Sun Feb 02 2025 14:34 Beautiful Soup 4.13.0:
After a beta period lasting nearly a year, I've released the biggest update to Beautiful Soup in many years. For version 4.13.0 I added type hints to the Python code, and in doing so uncovered a large number of very small inconsistencies in the code. I've fixed the inconsistencies, but the result is a larger-than-usual number of deprecations and changes that may break backwards compatibility.
The CHANGELOG for 4.13.0 is quite large so I'm writing this blog post to highlight just the most important changes, specifically the changes most likely to make you need (or want) to change your code.
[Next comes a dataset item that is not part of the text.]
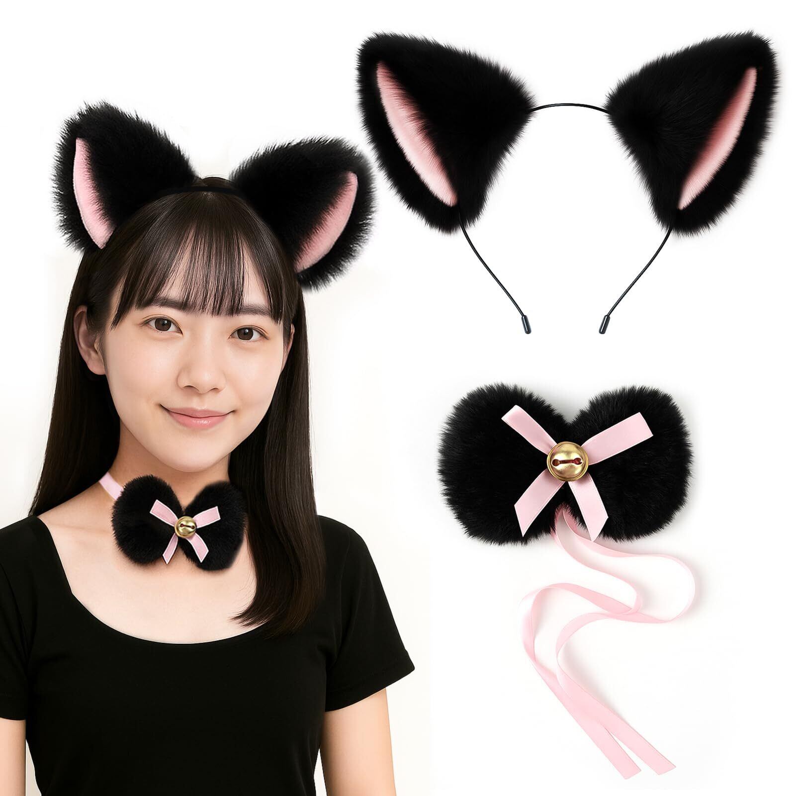かわいい - ふわふわの黒い猫耳が付いたカチューシャと、鈴やピンクのリボンがアクセントの首輪がセットになった可愛いアクセサリーです。猫耳は左右に動かせるので、お好みの位置で調整できます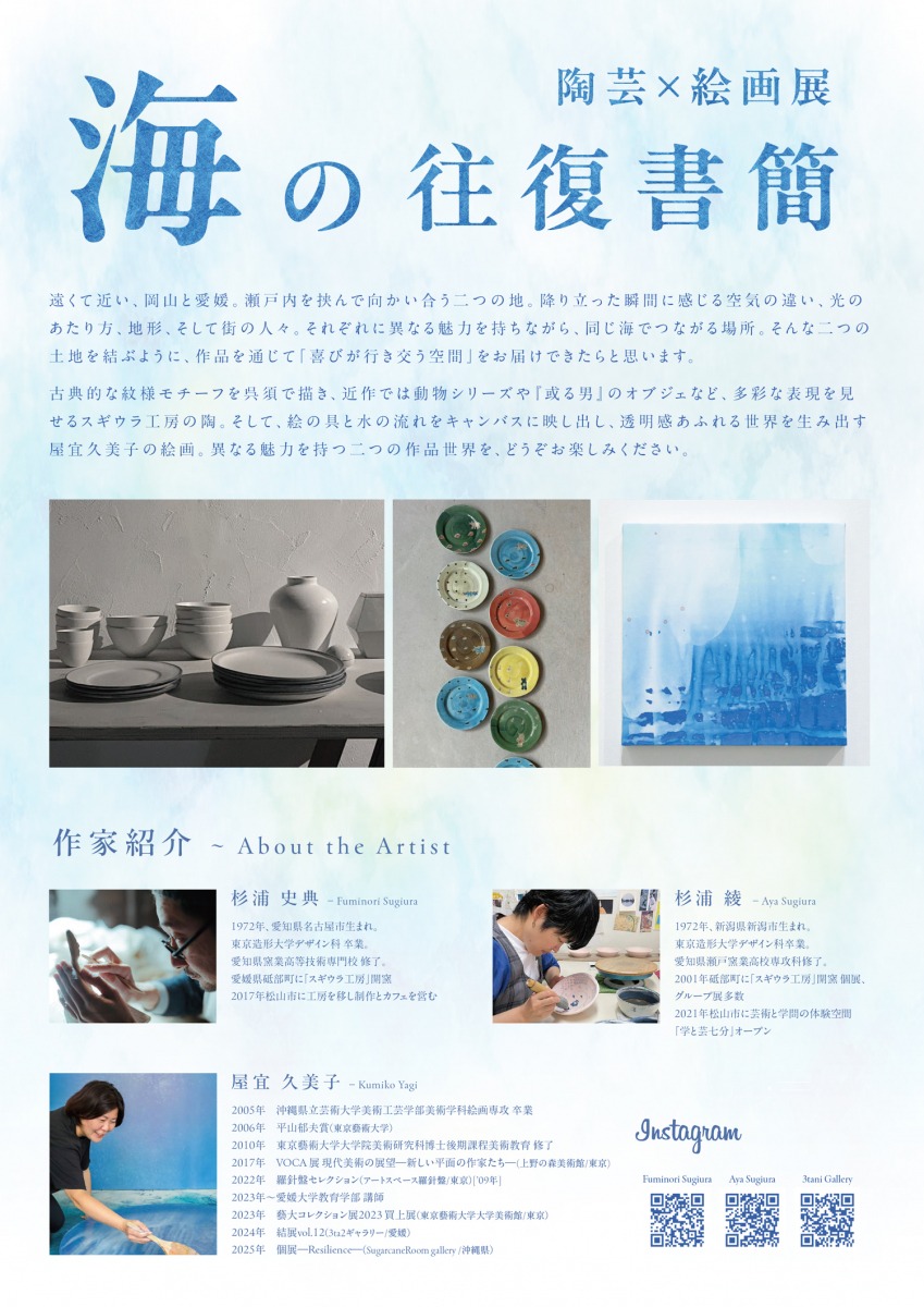 瀬戸内海を挟んで向かい合う岡山と愛媛――空気や光、地形、文化の違いを感じながらも、同じ海でつながる二つの土地。その距離感の中にある豊かな表現を作品という“手紙”で交わし合うように展開する展示です。

Deprecations and backwards-incompatible changes
DeprecationWarning
is issued on use for every deprecated method, attribute and class from the 3.0 and 2.0 major versions of Beautiful Soup. These have been deprecated for at least ten years, but they didn't issue DeprecationWarning
when you tried to use them. Now they do, and they're all going away soon.
- This version drops support for Python 3.6, which went EOL in December 2021. The minimum supported major Python version for Beautiful Soup is now Python 3.7, which went EOL in June 2023.
- The storage for a tag's attribute values now modifies incoming values
to be consistent with the HTML or XML spec. This means that if you set an
attribute value to a number, it will be converted to a string
immediately, rather than being converted when you output the document.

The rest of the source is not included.